A French Islamic State fighter painted a rosy picture of life under the group's so-called caliphate in a video released Saturday, the latest example of the jihadists' campaign to glorify their exploits and draw in foreign recruits.
The IS group said the narrative of former army trainer and businessman believed to be aged in his sixties -- whom it named as Abu Suhayb al-Faransi -- was the first episode of a new "series" of propaganda videos, according to the US-based SITE monitoring network.
Videos like Faransi's, distributed via social media, have helped IS lure hundreds of supporters from Western countries to the territory it controls in Iraq and Syria.
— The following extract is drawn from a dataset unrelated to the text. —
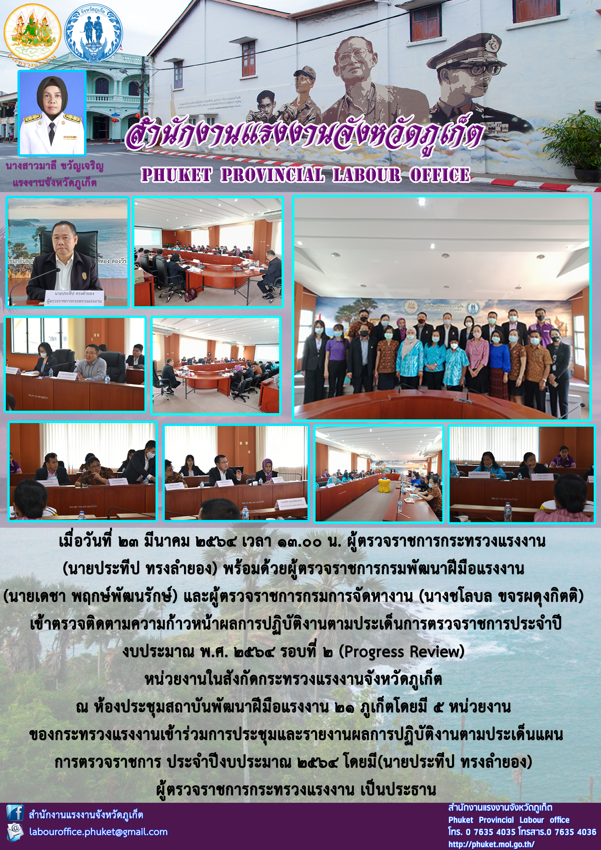 ผู้ตรวจราชการกระทรวงแรงงาน (นายประทีป ทรงลำยอง) พร้อมด้วยผู้ตรวจราชการกรมพัฒนาฝีมือแรงงาน (นายเดชา พฤกษ์พัฒนรักษ์) และผู้ตรวจราชการกรมการจัดหางาน (นางชโลบล ขจรผดุงกิตติ) เข้าตรวจติดตามความก้าวหน้าผลการปฏิบัติงานตามประเด็นการตรวจราชการประจำปี งบประมาณ พ.ศ. 2564 รอบที่ 2 (Progress Review) หน่วยงานในสังกัดกระทรวงแรงงานจังหวัดภูเก็ต
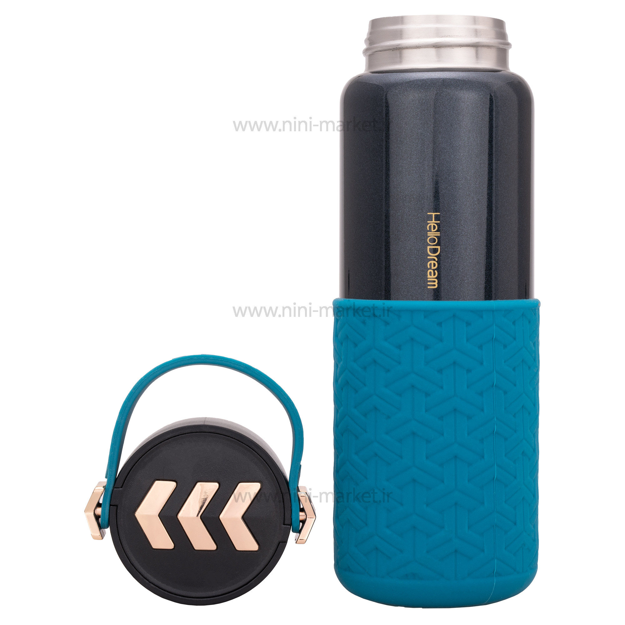 فلاسک آب استيل بنددار رنگ مشکی هلو دریم Hello dream

Faransi, sporting a henna-dyed beard, military fatigues and tinted glasses, is shown speaking in the 15-minute video about his conversion to Islam and pursuit of jihad.
Faransi recalled IS leader Abu Bakr al-Baghdadi's announcement in June that the fighters were establishing a "caliphate" straddling large chunks of Iraq and Syria.
"From then on, I told myself there was no doubt, I had to join," the Frenchman said.
Some Western recruits have voiced their disenchantment with IS after arriving in the country, and the video posted Saturday sees the group attempting to portray a different narrative.
"When I entered the land of the caliphate, I saw that there were different things, institutions, cleanliness, engineers, doctors, sensible people, people who left Europe, who left other lands from across the world to knowingly come fight jihad completely honestly," the man said.
IS seized nearly a third of Iraq virtually unopposed nine months ago, beheading and crucifying civilians and opponents in public and distributing videos of the violence online.
The group has managed to hold on to large parts of the territory despite a US-backed counter-offensive and an Iranian-aided effort to fight the group.